■2019年10月 人間の体シリーズ 鼻─匂いと香り

イサクは、イアコフ(ヤコブ)の着物の匂いをかいで、

祝福して言った。

「ああ、わたしの子の香りは、主が祝福された野の香りのようだ。

どうか、神が、天の露と地の産み出す豊かなもの、穀物とぶどう酒を、

お前に与えてくださるように」(創世記27:27-28)

劇作家でキリスト教徒でもある矢代静一氏の戯曲『道化と愛は平行線』で、登場人物が次のような内容を語ります。

貧乏って何?

それは匂いだと。

体臭と言っても良いのかもしれません。

わたしたちの周りは、匂い、香りに満ちています。良い匂いもあれば、鼻の曲がるようなひどい匂いもあります。

それは教会、聖書の世界も同じです。

アダムとエバ(イブ)の誘惑された果実は、見た目に美しく、色鮮やかで、さらに美味しそうな甘い香りを漂わせていました。

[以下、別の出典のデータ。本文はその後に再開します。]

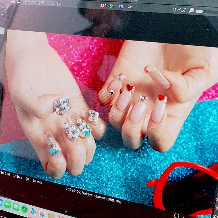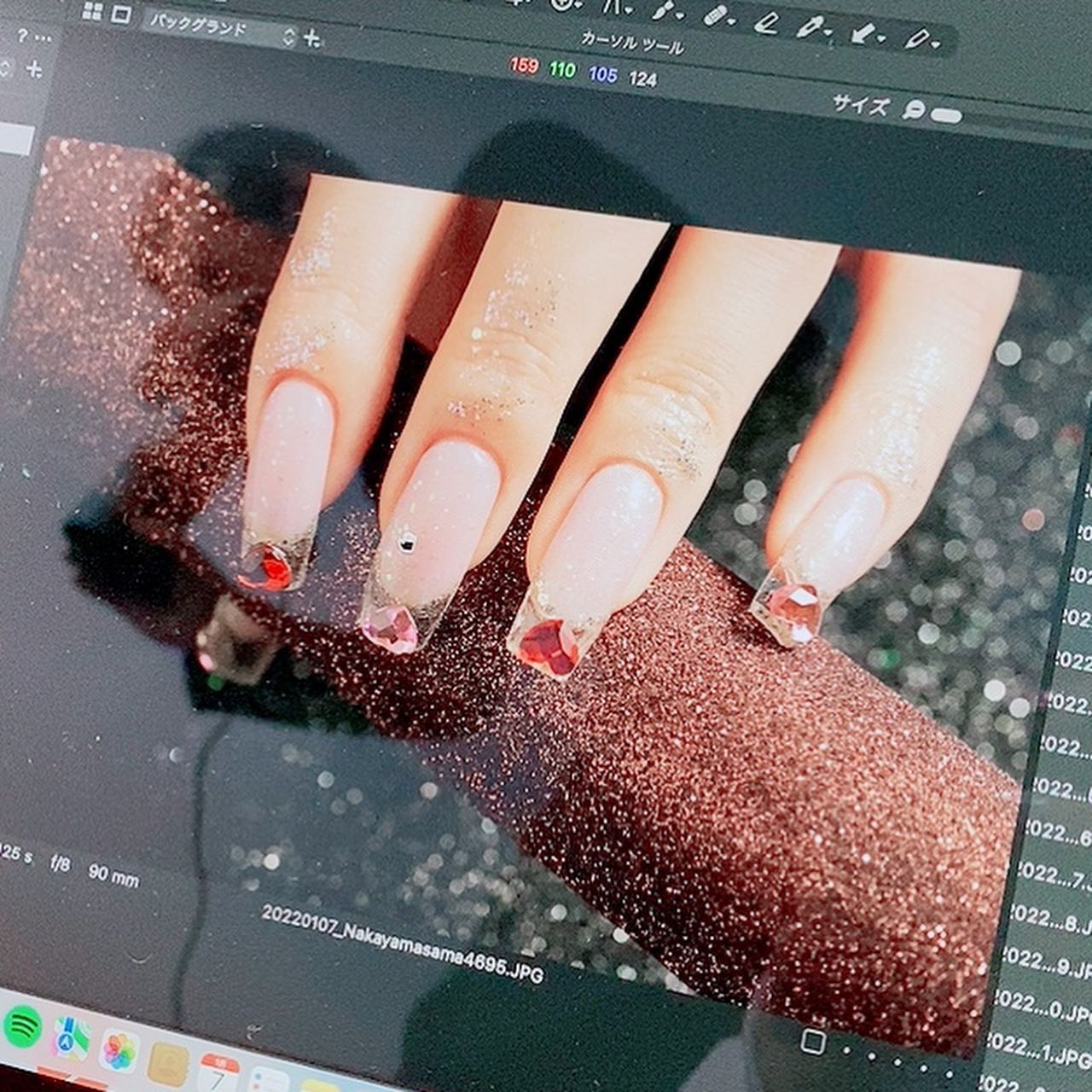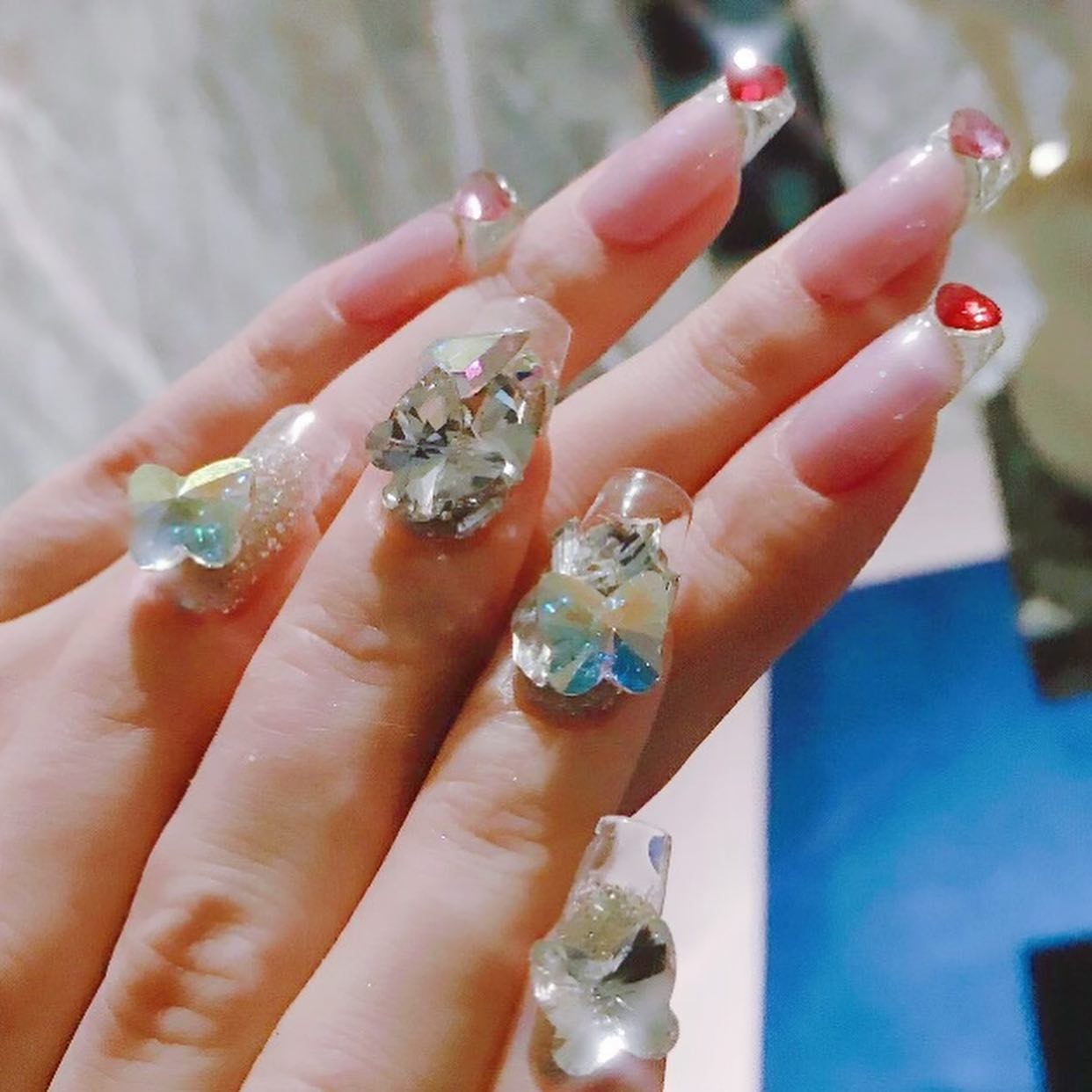 白いマグネットジェル(ちょっとグレーみも感じる)をグラデーション+マグネットフレンチにしました。 左手薬指はキルティングのツリー🎄 好みのカラーにするために2色を混ぜて三角を描き、1mmホロを配置。 親指のスノードームの方が上手くできた🙌 ホロの光り方のおかげか、ものすごく立体感のあるスノードームになりました☃️

父イサクは、息子イアコフ・イスラエルにだまされます。弟イアコフは兄エサウに与えられるべき父の祝福を奪います。目の見えなくなっていた父イアコフは、毛皮を身につけた弟イアコフを抱いて匂いで確認し言います。
「ああ、わたしの子の香りは主が祝福された野の香りのようだ」

旧約聖書の『雅歌』は、神と人、神と教会・信仰者との交わりを詩で詠います。その詩は色とりどりの花や美味しい果物の香りに満ちています。

19世紀ロシアの文豪ドストエフスキーの小説『カラマーゾフの兄弟』では、ゾシマ長老が永眠します。すると人々は何か奇蹟が起こるはずだと神秘現象を期待して待ちます。生存しながらにして、聖人になるだろうと期待されている人に対して、信徒は奇蹟を期待します。

ところが、ゾシマ長老の遺体は、奇蹟どころか、「くさい匂い」腐臭を放ち始めたのです。人々はおどろきあわてます。死体が腐ることはあたりまえのことです。だからたいてい、いま遺体の納まった柩にはドライアイスを入れます。ゾシマ長老は聖人になるはずの人、みんなそう信じていました。その人の遺体が匂う、くさい。

理想を求める信仰者はときどき誤った幻想を持ちます。幻想的な期待と、教会の言う信仰者の「希望」とは本質が違います。ある意味その差は紙一重です。

匂い、香りもそうです。自然の野山の花の香りと、芳香剤・入浴剤・洗剤などに入っている人工的な匂いは全く異なります。

化学合成された人工的な香りではなく、野の草花の咲き乱れ、小鳥や蝶の飛び交う野原の香りが、神の国を象徴しています。

教会の、いえ信仰者の求める匂い、香りの原点は、エデンの園、神の国です。 それはイサクがイアコフ・イスラエルに語った「野の香り」であり、イイススの埋葬の場面にも象徴されています。 
十字架にかけられて永眠したイイススが葬られた新しい墓の周囲は草木、花々の甘い香り、女弟子がイイススにぬった香油の香りに満ちていました。

十字架から下ろされて、新たな墓へ葬る道すじでは、ご遺体が通るにつれて白い百合の花が真紅のきれいな赤い百合の花に変わり、甘い芳香に満ちたと言います。聖堂もそうです。聖堂は、かのエデンの園、わたしたちがいつか行くであろう天国、神の国を表しています。